Small children begin to encircle us chanting… Anglais mimo foto tek. I feel like I am in a scene from Lord of the flies. As it turns out they are singing… English mother photo take. We reach the schoolmasters house and waste no time is removing our boots, peeling off our sweaty socks and collapsing on the floor. The old porter who has carried 25kg looks by contrast remarkably fresh. I admire his constitution. The teen has fallen behind and is in a similar condition to ourselves just with an extra 15kg. Amin goes back to pick up the adolescent pieces.

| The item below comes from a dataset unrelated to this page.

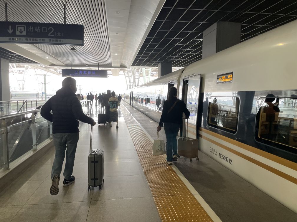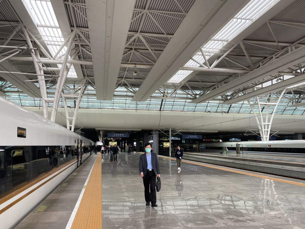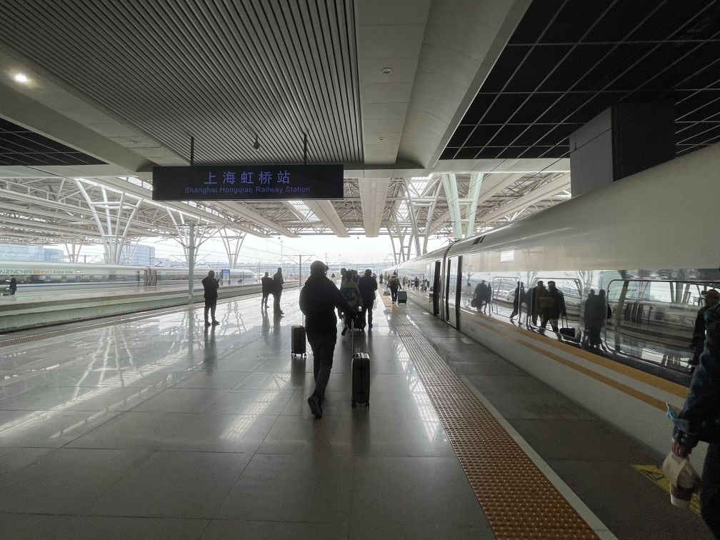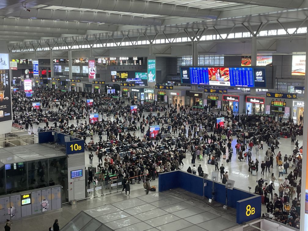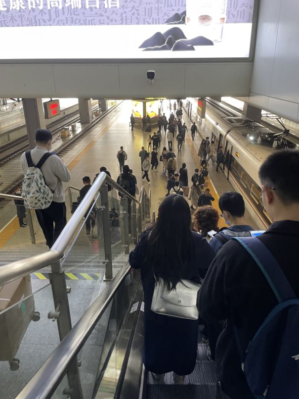 View of platform 1 from the 2nd floor. These is right after China opens up after Covid and people are going out in drove.

I walk the village is search of a drink. It’s either cold water or warm Mountain Dew. I take the warm soft drink and guzzle down as much as I can. Twenty minutes later Amin arrives with the broken boy in tow. He look more relieved than I to be back in the village.

Home in Muchulu

Amin’s Home in Muchulu

Later that night Amin makes us all a tasty meal of Potatoes and rice. He humbly apologises for not being able to offer us any meat which we refute. He has done so much for us already. As a last course he brings out, much to our surprise a large crème caramel. It is outstandingly good and would be worthy of any restaurant in Sydney and perhaps even Paris. We handout some presents for his six children. Some red and gold bangles for his two eldest daughters, a talking battery operated parrot that is sure to drive him mad and a small tank with flashing lights for his son. Last but not least some plastic blocks for his baby twins. They all come in one by one to receive them and graciously take them away. Amin tells us we have brought many presents. That is because you have many children. I think Amin sees an opportunity to kindly lecture us again but gets distracted by Habib laughing.

The children in Machulu

The children in Machulu

It has been great to reunite for another trek. We just had to see K2 again, and being with Amin and Habib was an extra bonus we had not expected. Habib now has to travel back to Gilgit and leaves early.

Proud dad

Proud dad

We linger a little longer in Machulu with Amin before bidding him goodbye. His eyes are a little glassy when we leave. He is such a wonderful man, kind and loved in his village. We give him a hug, his body is as hard as steel but he has a soft heart. He looks at me and says exactly what he said four years ago

Don’t forget me…

We drive away with a lump in our throats. I can feel my eyes tingling a little. It’s impossible not to look back and all I can think about is stopping the car and turning around.